== THE TASK ==
Could you print the stretch of lines below from the one with "5月29日消息,国务院印发《2024—2025年节能降碳行动方案》。" through the one with "de la cirugía.", exactly as they stand and without any pictures?
(MATERIAL PROVIDED begins)
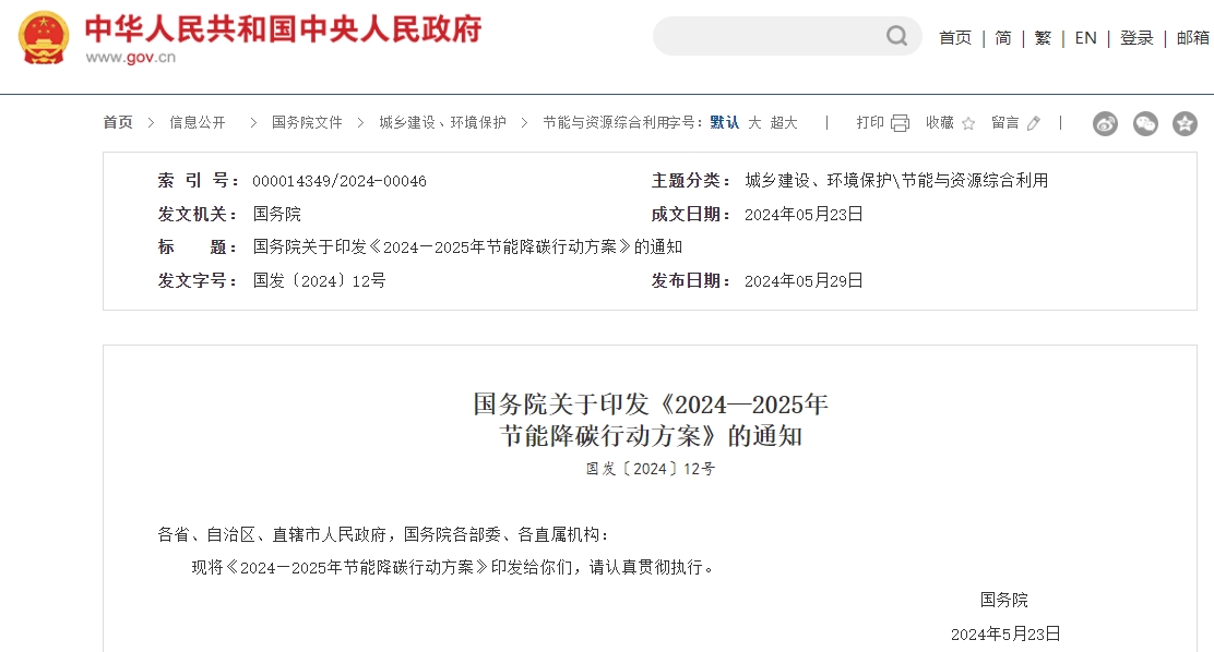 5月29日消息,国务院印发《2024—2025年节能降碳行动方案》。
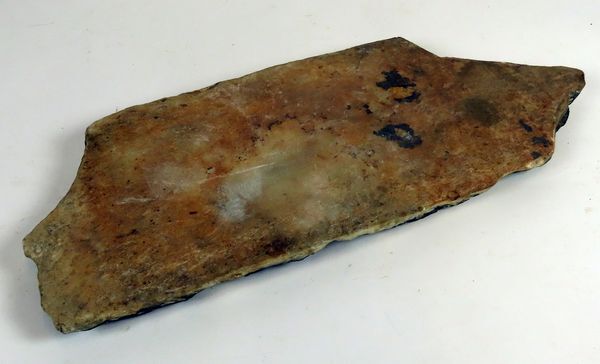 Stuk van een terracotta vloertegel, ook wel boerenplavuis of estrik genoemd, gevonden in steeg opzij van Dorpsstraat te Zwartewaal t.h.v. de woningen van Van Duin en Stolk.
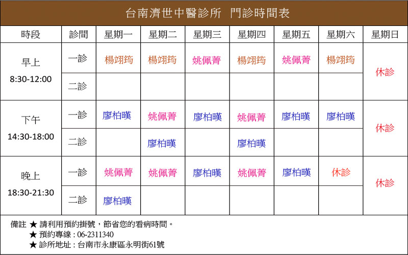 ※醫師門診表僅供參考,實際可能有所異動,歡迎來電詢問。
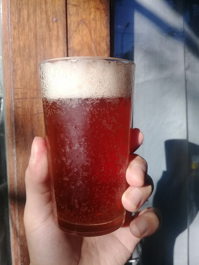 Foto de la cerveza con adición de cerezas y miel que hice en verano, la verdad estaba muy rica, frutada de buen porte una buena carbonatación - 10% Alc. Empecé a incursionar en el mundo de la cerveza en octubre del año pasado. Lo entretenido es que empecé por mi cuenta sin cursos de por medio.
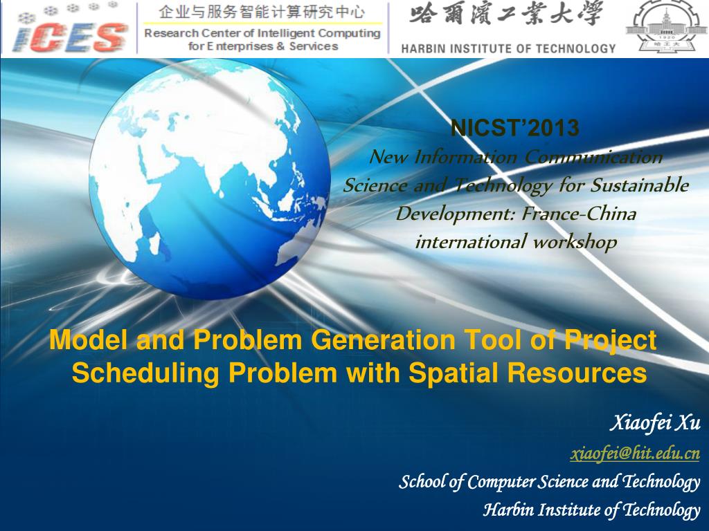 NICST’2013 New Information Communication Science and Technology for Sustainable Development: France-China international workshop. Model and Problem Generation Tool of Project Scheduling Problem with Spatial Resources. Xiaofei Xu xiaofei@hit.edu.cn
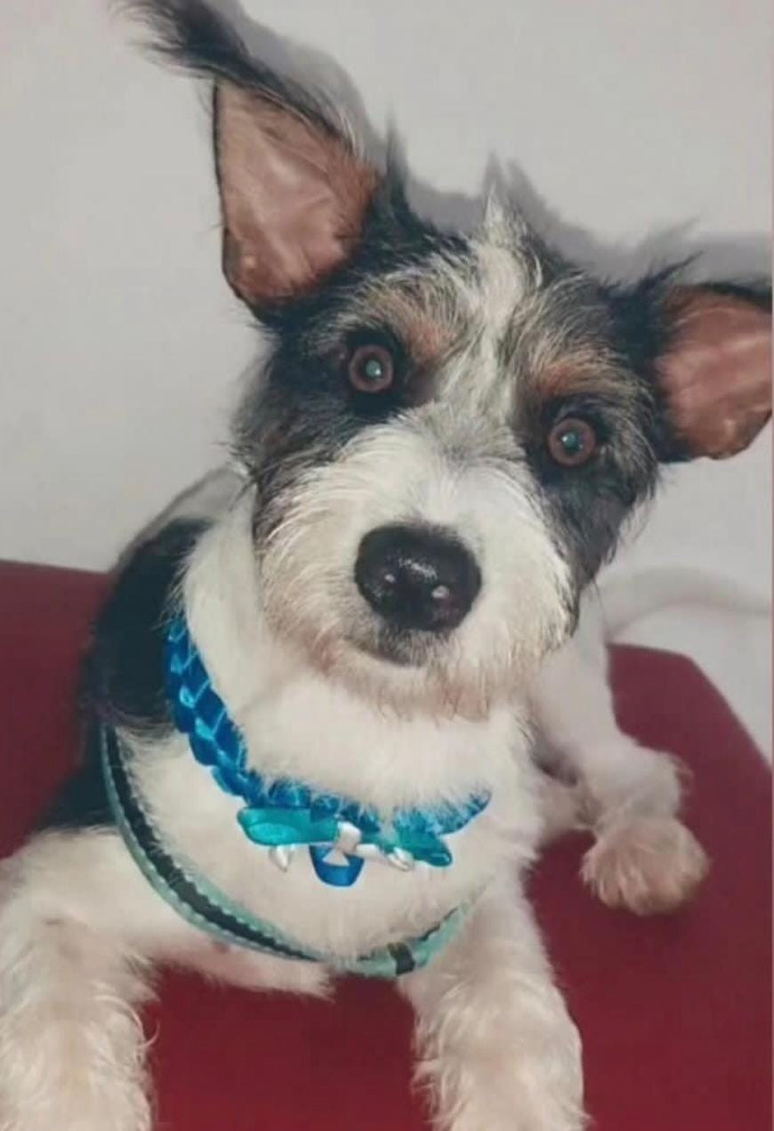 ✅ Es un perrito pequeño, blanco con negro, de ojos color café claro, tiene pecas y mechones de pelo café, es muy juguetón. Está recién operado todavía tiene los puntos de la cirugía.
(MATERIAL PROVIDED ends)
(MATERIAL PROVIDED begins)
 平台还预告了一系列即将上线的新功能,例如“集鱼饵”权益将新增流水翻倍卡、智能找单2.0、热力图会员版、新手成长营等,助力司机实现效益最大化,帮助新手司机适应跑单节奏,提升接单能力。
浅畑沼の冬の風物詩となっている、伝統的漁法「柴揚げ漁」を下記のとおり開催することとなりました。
(MATERIAL PROVIDED ends)
== OUTPUT OF THE EXERCISE ==
 5月29日消息,国务院印发《2024—2025年节能降碳行动方案》。
 Stuk van een terracotta vloertegel, ook wel boerenplavuis of estrik genoemd, gevonden in steeg opzij van Dorpsstraat te Zwartewaal t.h.v. de woningen van Van Duin en Stolk.
 ※醫師門診表僅供參考,實際可能有所異動,歡迎來電詢問。
 Foto de la cerveza con adición de cerezas y miel que hice en verano, la verdad estaba muy rica, frutada de buen porte una buena carbonatación - 10% Alc. Empecé a incursionar en el mundo de la cerveza en octubre del año pasado. Lo entretenido es que empecé por mi cuenta sin cursos de por medio.
 NICST’2013 New Information Communication Science and Technology for Sustainable Development: France-China international workshop. Model and Problem Generation Tool of Project Scheduling Problem with Spatial Resources. Xiaofei Xu xiaofei@hit.edu.cn
 ✅ Es un perrito pequeño, blanco con negro, de ojos color café claro, tiene pecas y mechones de pelo café, es muy juguetón. Está recién operado todavía tiene los puntos de la cirugía.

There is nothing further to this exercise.